Bi2Te3/Si thermophotovoltaic cells converting low temperature radiation into electricity

TL;DR

This paper presents Bi2Te3/Si thermophotovoltaic cells capable of converting low temperature blackbody radiation into electricity, highlighting their potential despite low output power and the influence of material properties.

Contribution

The study introduces Bi2Te3/Si thermophotovoltaic cells that operate at low temperatures and investigates how material properties affect their performance.

Findings

Cells can generate electricity at 300 K radiation.

Material defects and structure impact efficiency.

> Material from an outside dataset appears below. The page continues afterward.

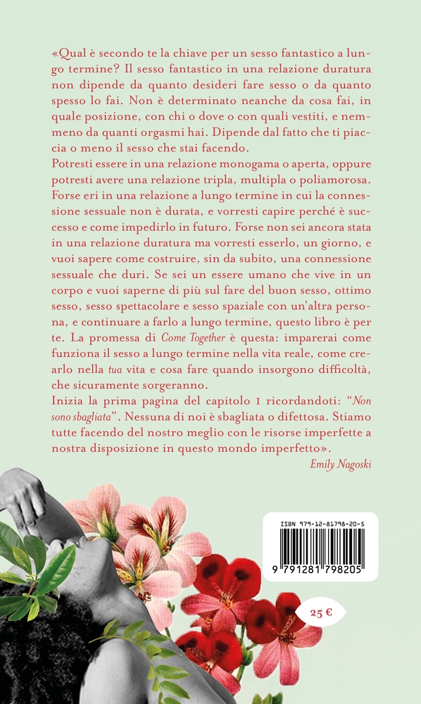 Cosa succede al desiderio quando l’infatuazione iniziale svanisce? Come si coltiva l’intimità sessuale in una relazione che dura nel tempo? In Come Together, Emily Nagoski ci guida con empatia e ironia attraverso la scienza (e l’arte!) della connessione sessuale duratura: con un approccio rivoluzionario, che fonde neuroscienze, psicologia e comprensione umana, smonta i miti sulla sessualità nelle relazioni a lungo termine – come l’idea che il desiderio spontaneo sia l’unico “vero” desiderio – e ci mostra che il vero fulcro del benessere sessuale sia il piacere, e non la frequenza o il desiderio. Tra le altre cose, l’Autrice esplora in che modo il contesto emotivo e relazionale influenzi profondamente l’esperienza sessuale, spiega la differenza tra desiderio spontaneo e reattivo, e perché entrambi siano pienamente validi, e propone delle strategie per creare un contesto condiviso favorevole al piacere, superando stress, insicurezze, blocchi emotivi e culturali legati alla sessualità, fino a costruire una comunicazione autentica e libera da giudizi (e pre-giudizi). Con il suo stile diretto e coinvolgente, attraverso storie vere, esercizi pratici e intuizioni illuminanti, Emily Nagoski offre quindi strumenti concreti per comunicare meglio con il partner, comprendere la propria “planimetria emozionale” e coltivare una sessualità che sia davvero autentica, gioiosa e sostenibile nel tempo. Dopo il successo internazionale di Come as You Are, Come Together è un libro destinato a diventare un nuovo punto di riferimento per chi cerca relazioni sessuali più autentiche e durature, un invito potente a riscoprire il piacere come atto di libertà personale e cura reciproca.
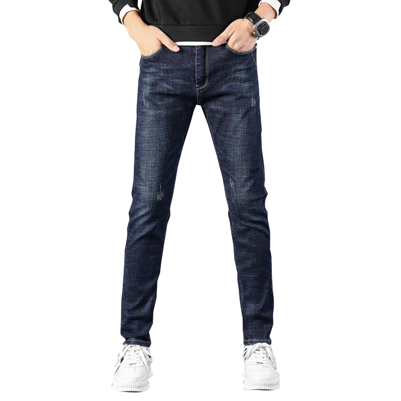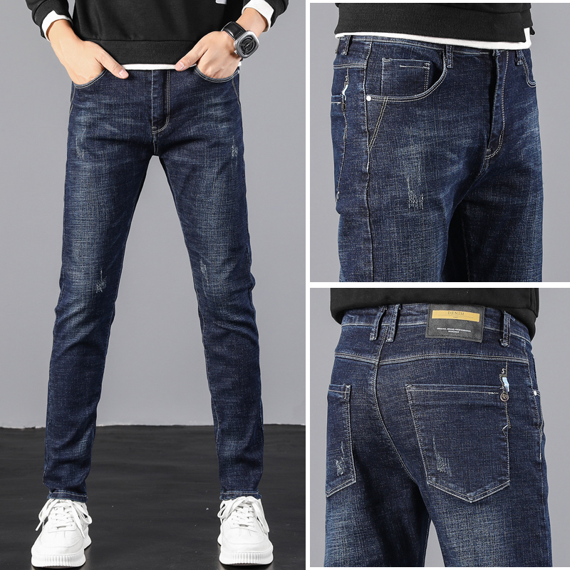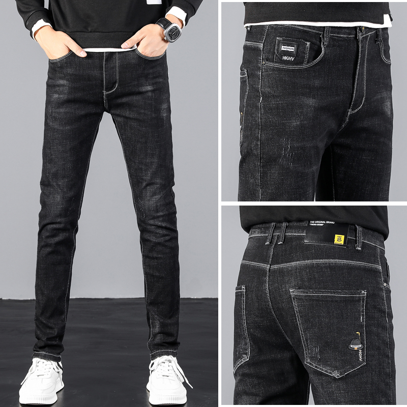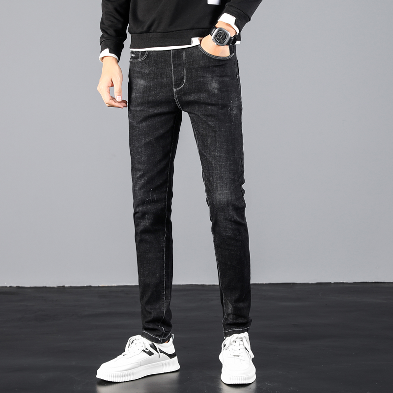 2021 New Men's Jeans Men's Spring and Autumn Straight Slim Fit Autumn Elastic Narrow Pants Tide Brand Plus Velvet Thickening

Resistivity and film thickness influence output.

Abstract

The thermophotovoltaic cells which convert the low temperature radiation into electricity are of significance due to their potential applications in many fields. In this work, Bi2Te3/Si thermophotovoltaic cells which work under the radiation from the blackbody with the temperature of 300 K-480 K are presented. The experimental results show that the cells can output electricity even under the radiation temperature of 300 K. The band structure of Bi2Te3/Si heterojunctions and the defects in Bi2Te3 thin films lower the conversion efficiency of the cells. It is also demonstrated that the resistivity of Si and the thickness of Bi2Te3 thin films have important effects on Bi2Te3/Si thermophotovoltaic cells. Although the cells' output power is small, this work provides a possible way to utilize the low temperature radiation.